- _Information supplied_
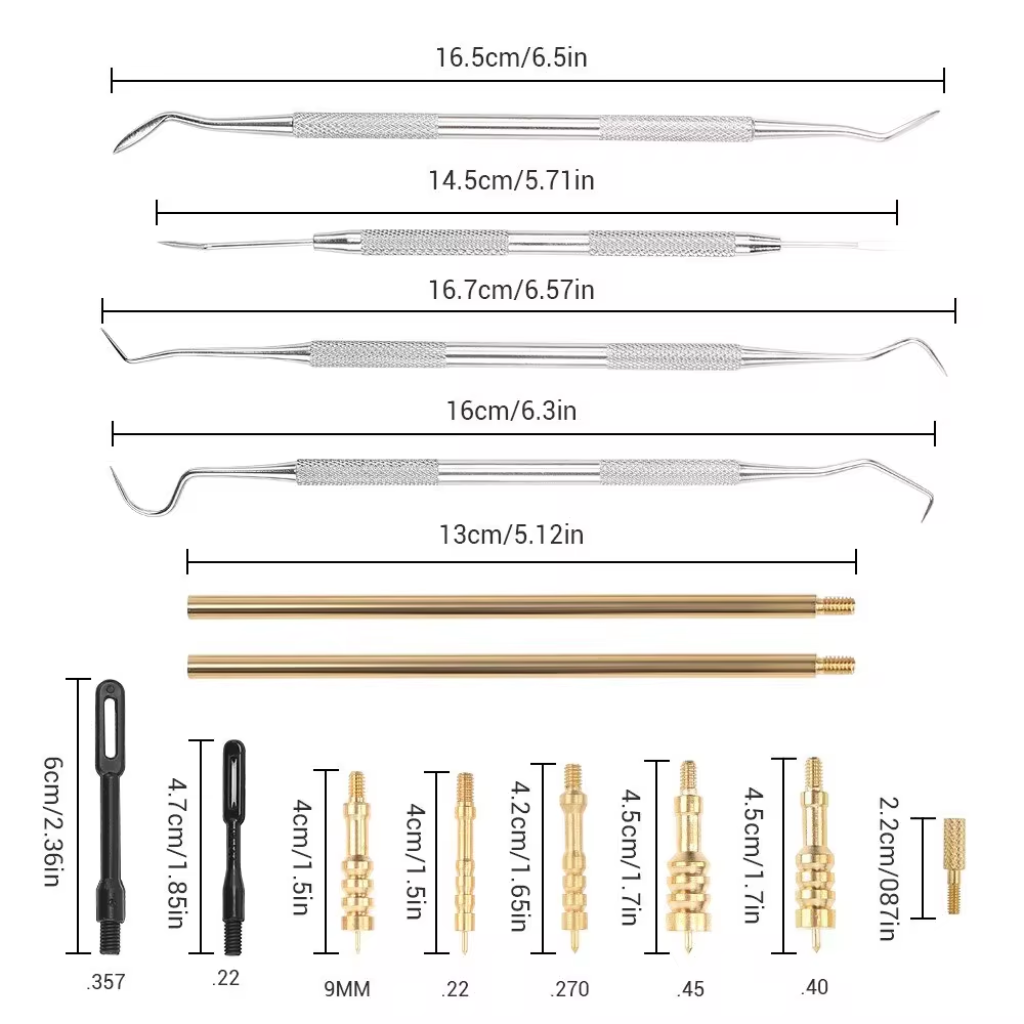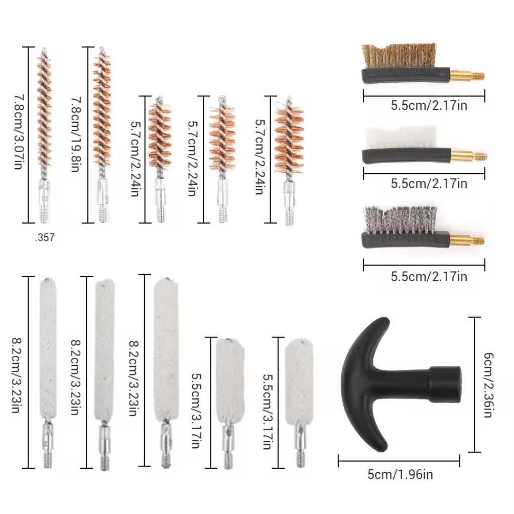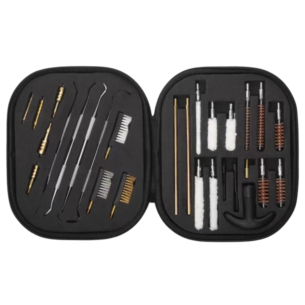 Maintain the upkeep your firearms with the Shooters Mart 29 Piece Universal Gun Cleaning Kit. This all inclusive kit offers a complete set of essential tools to effectively maintain your collection. Safely carry and protect your cleaning supplies in the premium portable and lightweight case. Used for .17/.22/.270/.280/.30/.357/.38/9mm/.40/.410/.44/.45 calibres.
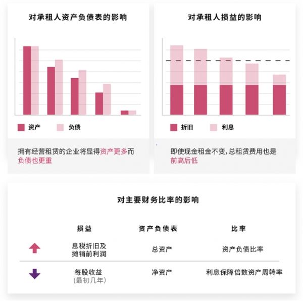 受新準(zhǔn)則影響,承租人的資產(chǎn)負(fù)債都將上升,而對企業(yè)損益和重點財務(wù)比率也會產(chǎn)生影響。
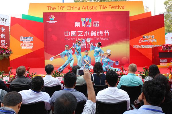 10月18日上午10點,秋風颯爽,第十屆中國藝術瓷磚節(jié)在一曲《彩瓷喜盈盈》舞蹈中拉開序幕。
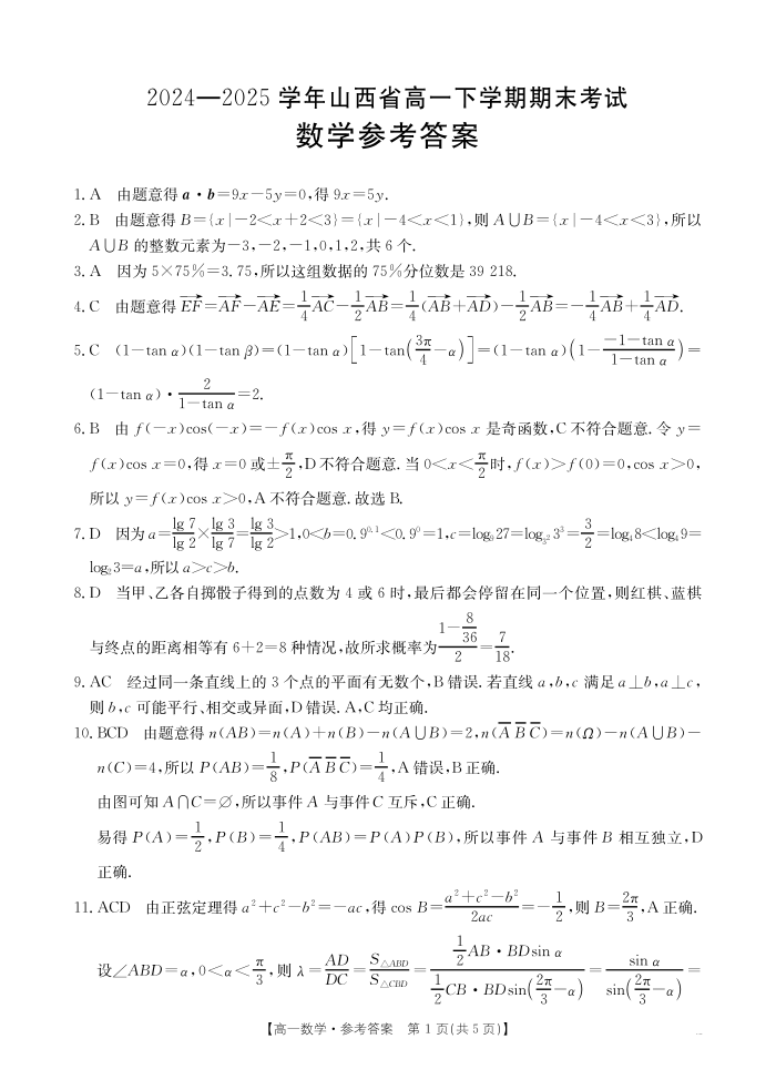 山西省2024-2025学年高一下学期期末考试 数学答案.pdf
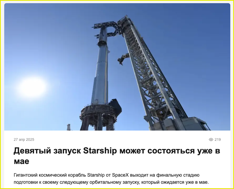 На следующий день , 7 марта 2025 г., в статье про 8-й полёт "Старшипа"
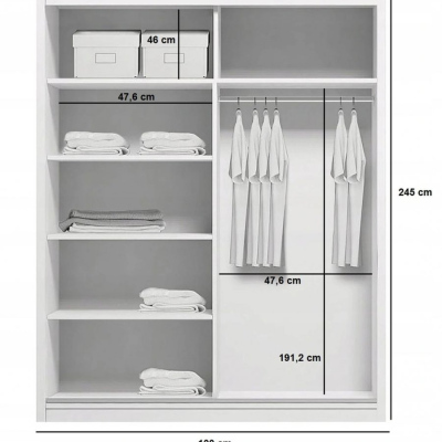 Šatníková skriňa Jacobo predstavuje kvalitný doplnok do modernej spálne alebo predsiene. Okrem jedinečného dizajnu ponúka veľa miesta na uloženie oblečenia. Skriňa disponuje posuvnými dverami na kvalitných hliníkových vodiacich lištách, otváranie dverí je tak hladké a plynulé. Skriňa nemá žiadne výrazné úchytky, dvere sa otvárajú pomocou líšt na bokoch. Vo vnútri skrine sú police a šatníková tyč.
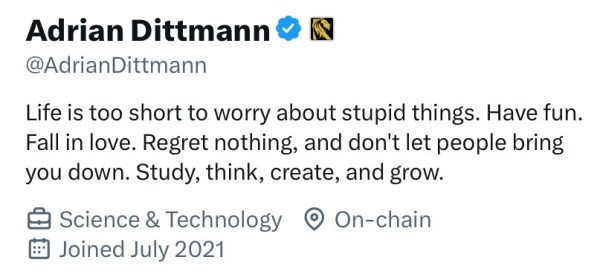 Musk superfan, Adrian Dittmann, posts for the first time from his brand new account at 2:26 AM.
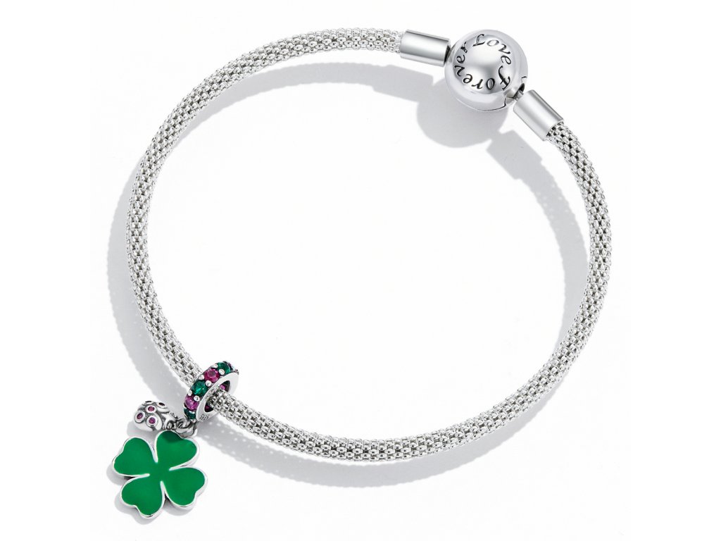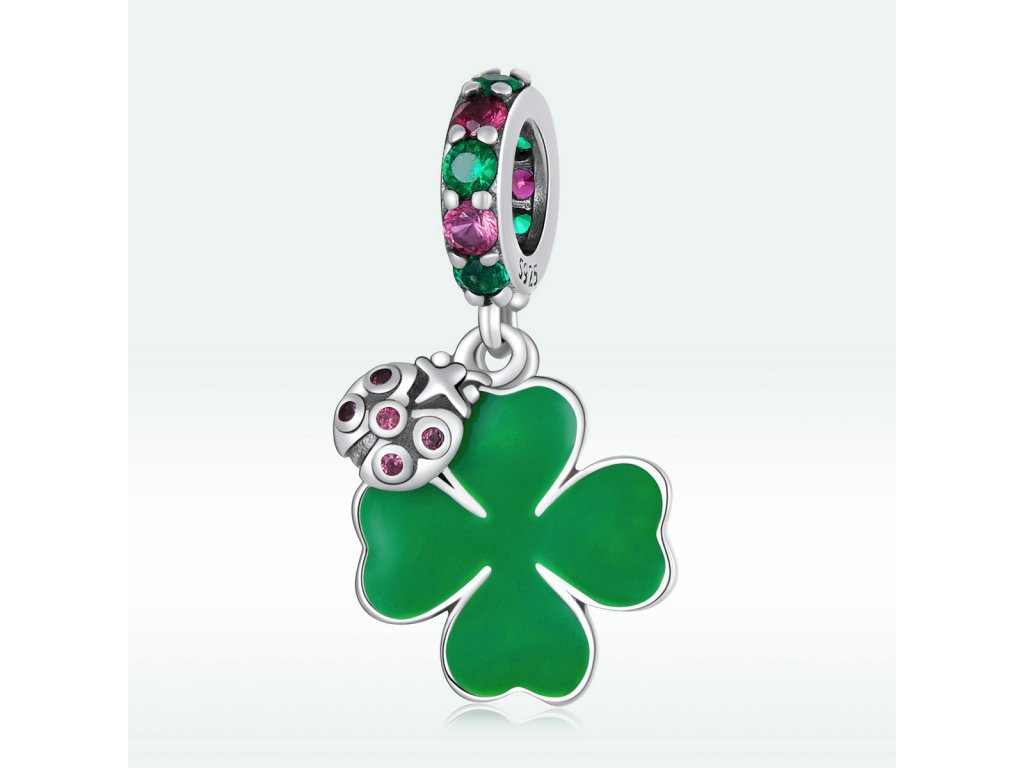 - Stříbrný visací přívěsek v designu čtyřlístku pro štěstí s krásnou beruškou. Přívěsek je zdoben ručně nanášenou zelenou glazurou a třpytivými barevnými zirkony. Originální design přívěsku, kvalitní zpracování a materiál, ručně dohotovené.
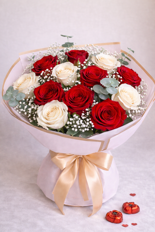 JMK Florist’s selection of romantic gifts is full of exceptionally delightful treats that will put a smile on your loveone’s face and remind them just how much you care. Included : Clear vase
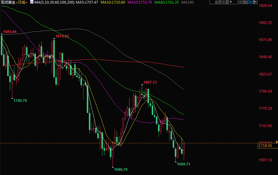 High Ridge Futures金属交易主管David Meger将黄金的走势归因于“一些避险需求和低吸买盘的结合,而来自美元和激进的美联储的不利因素仍然存在。黄金最近像是一种风险资产,而非避险资产。问题是,当我们开始看到经济因这些加息政策而放缓时,何时才能看到黄金发挥更多的避险作用。”
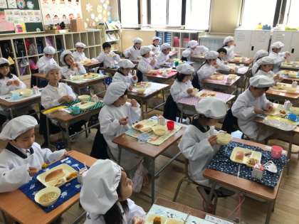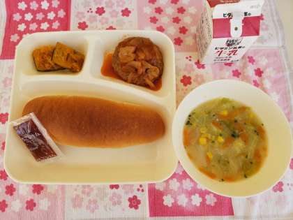 今日のこんだては、煮込みハンバーグ、コーンスープ、焼きかぼちゃです。
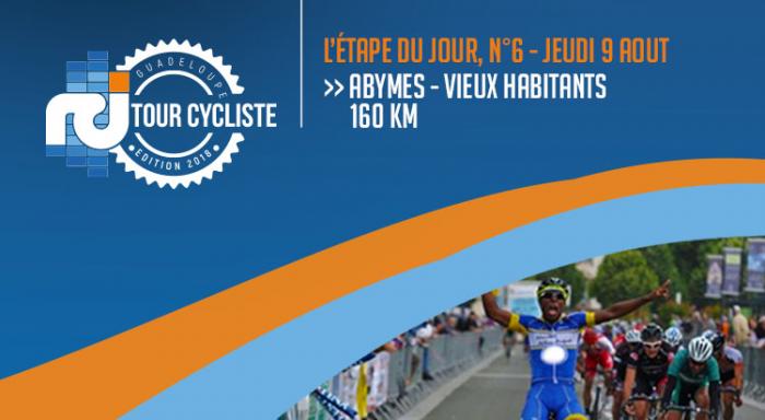 La 6ème étape du tour de la Guadeloupe 2018 s'est élancée des Abymes à 10h. Longue de 160km, l'arrivée se jouera à Vieux-Habitants. Avec de la montage au programme, cette étape promet beaucoup de rebondissements.

- _Prompt_
Across all the lines above, repeat the wording exactly and omit the pictures.

- _Written solution_
 Maintain the upkeep your firearms with the Shooters Mart 29 Piece Universal Gun Cleaning Kit. This all inclusive kit offers a complete set of essential tools to effectively maintain your collection. Safely carry and protect your cleaning supplies in the premium portable and lightweight case. Used for .17/.22/.270/.280/.30/.357/.38/9mm/.40/.410/.44/.45 calibres.
 受新準(zhǔn)則影響,承租人的資產(chǎn)負(fù)債都將上升,而對企業(yè)損益和重點財務(wù)比率也會產(chǎn)生影響。
 10月18日上午10點,秋風颯爽,第十屆中國藝術瓷磚節(jié)在一曲《彩瓷喜盈盈》舞蹈中拉開序幕。
 山西省2024-2025学年高一下学期期末考试 数学答案.pdf
 На следующий день , 7 марта 2025 г., в статье про 8-й полёт "Старшипа"
 Šatníková skriňa Jacobo predstavuje kvalitný doplnok do modernej spálne alebo predsiene. Okrem jedinečného dizajnu ponúka veľa miesta na uloženie oblečenia. Skriňa disponuje posuvnými dverami na kvalitných hliníkových vodiacich lištách, otváranie dverí je tak hladké a plynulé. Skriňa nemá žiadne výrazné úchytky, dvere sa otvárajú pomocou líšt na bokoch. Vo vnútri skrine sú police a šatníková tyč.
 Musk superfan, Adrian Dittmann, posts for the first time from his brand new account at 2:26 AM.
 - Stříbrný visací přívěsek v designu čtyřlístku pro štěstí s krásnou beruškou. Přívěsek je zdoben ručně nanášenou zelenou glazurou a třpytivými barevnými zirkony. Originální design přívěsku, kvalitní zpracování a materiál, ručně dohotovené.
 JMK Florist’s selection of romantic gifts is full of exceptionally delightful treats that will put a smile on your loveone’s face and remind them just how much you care. Included : Clear vase
 High Ridge Futures金属交易主管David Meger将黄金的走势归因于“一些避险需求和低吸买盘的结合,而来自美元和激进的美联储的不利因素仍然存在。黄金最近像是一种风险资产,而非避险资产。问题是,当我们开始看到经济因这些加息政策而放缓时,何时才能看到黄金发挥更多的避险作用。”
 今日のこんだては、煮込みハンバーグ、コーンスープ、焼きかぼちゃです。
 La 6ème étape du tour de la Guadeloupe 2018 s'est élancée des Abymes à 10h. Longue de 160km, l'arrivée se jouera à Vieux-Habitants. Avec de la montage au programme, cette étape promet beaucoup de rebondissements.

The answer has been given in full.